Tuesday, February 21, 2006

... for I have none left to give

Normally I would say something like "I don't know what's wrong with me," but this time I think I do know what it is. I'm suffering from very mild anxiety attacks and mediocre depression. Sad isn't it, that I know the symptoms so well that I can diagnose myself from long familiarity with these problems. I don't think I can live here anymore - it's too hard. I can't think in my apartment, I become apathetic to the world and all I want to do is dissolve into a puddle and let the scientists discover what happened to me. When I'm home (my parents house) I can think, I do act, I am myself. Here my chest tightens and I feel like I can't breathe, my head starts to pound, I don't eat, can't sleep, and all I want to do is leave. I know what's wrong with me, but I don't know what to do about it. It's not like I can leave - I have another 6 months on lease. I love my classes and the work and the papers, I just am falling behind because I can't think in the one place I need to be able to think. My heart is sore and wants to become hard to the world and to the people I am with. I am more critical and sad than I can ever remember. All I want to do is sleep and when I wake up, to wake up in a place that isn't here, that doesn't make me want to scream and cry at the same time.
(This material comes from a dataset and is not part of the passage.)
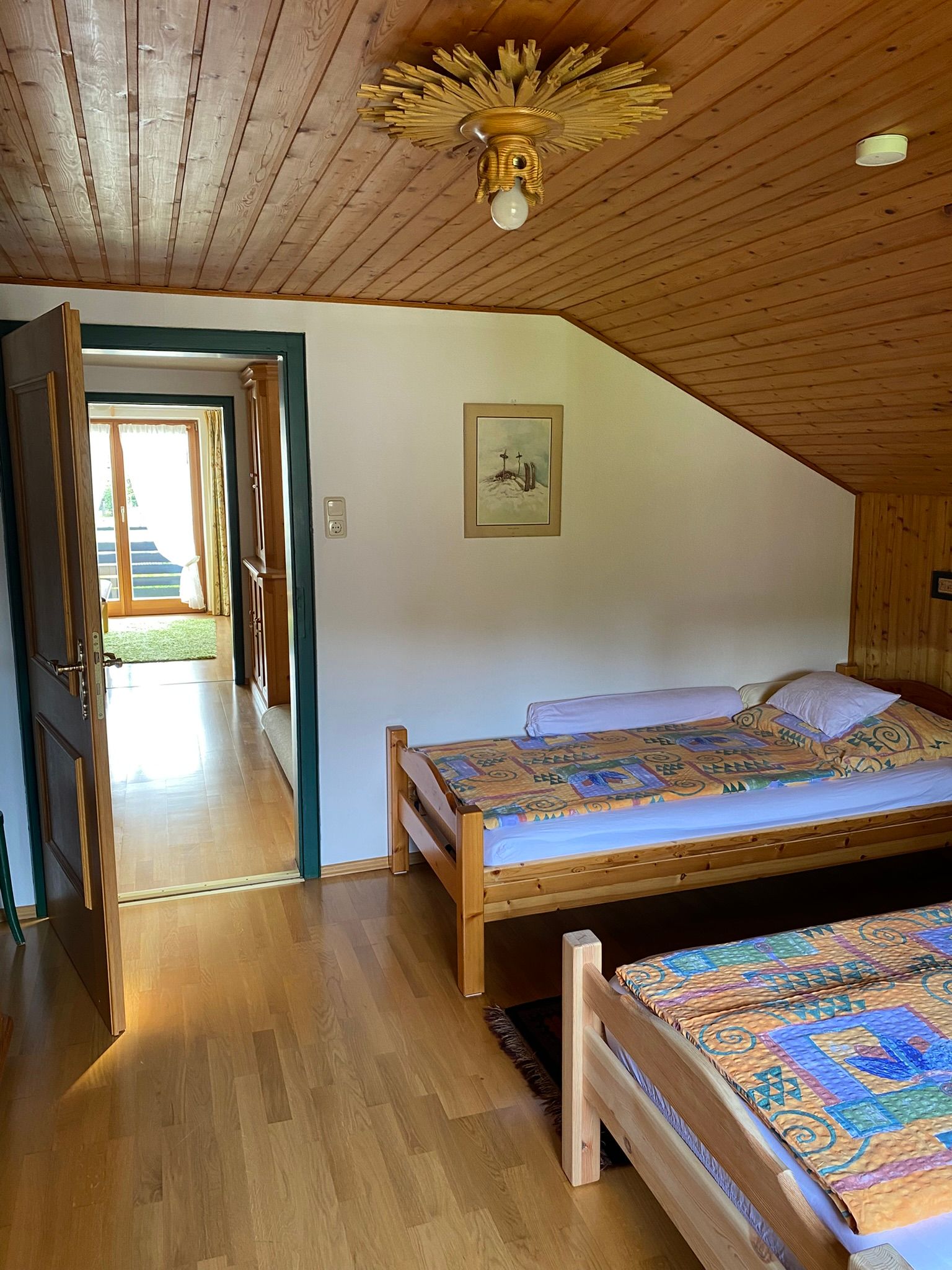 Unser Kiefernzimmer, aus massivem, heimischen Nadelholz sorgt bei Groß und Klein für besonders erholsamen Schlaf. Die Maße der Betten betragen jeweils 2 Meter auf 90 Centimeter. Ein extra Waschtisch und ein Großer Kleiderschrank, ein Nachtisch und eine Kommode sowie Stühle runden die Einrichtung ab. Wie bei all unseren Zimmern sind auch hier Steckdosen zum Laden von Smartphones oder für die Nutzung der Nachttischlampen vorhanden.

Stop yelling at me! You have no right to talk to me like that, no right! I will not be your punching bag because you need to vent! Leave me alone... leave me in peace and let me think - think in peace, be in peace.

Dear Lord, sweep me up into Your arms - fly me to Your place of rest. Wrap Your wings of peace around my shoulders and never let me go. Sing me sweet songs that let me sleep, sleep in Your house for one night - and may it be like a thousand. One day spent with you O God is better than a thousand spent on Earth. Let each tear and blood drop that was spent heal my soul and make rich a dry and barren land. You O Lord are my Savior and my God; let me not forget Your precepts and Your ways. My God, My God - you are my refuge, my fortress in whom I place all my trust. Judge me with mercy for I am weak and frail. Forgive me Father, for I have sinned - sinned against You and my fellow man. Cover me in Your feathers and allow me to walk in Your ways, walk in the light of Your holiness. I am not worthy, yet You love me and give me life when I deserve only death. Give me strength for I have none, give me love for I have none left to give. Give me mercy but I deserve none, give me peace when I am but chaos without You.

1 Comments:

Anonymous Anonymous said...

Awesome prayer Becky, keep it up. I have faith in you and always remember not to give up on faith. And to turn to God, as He will show you the way.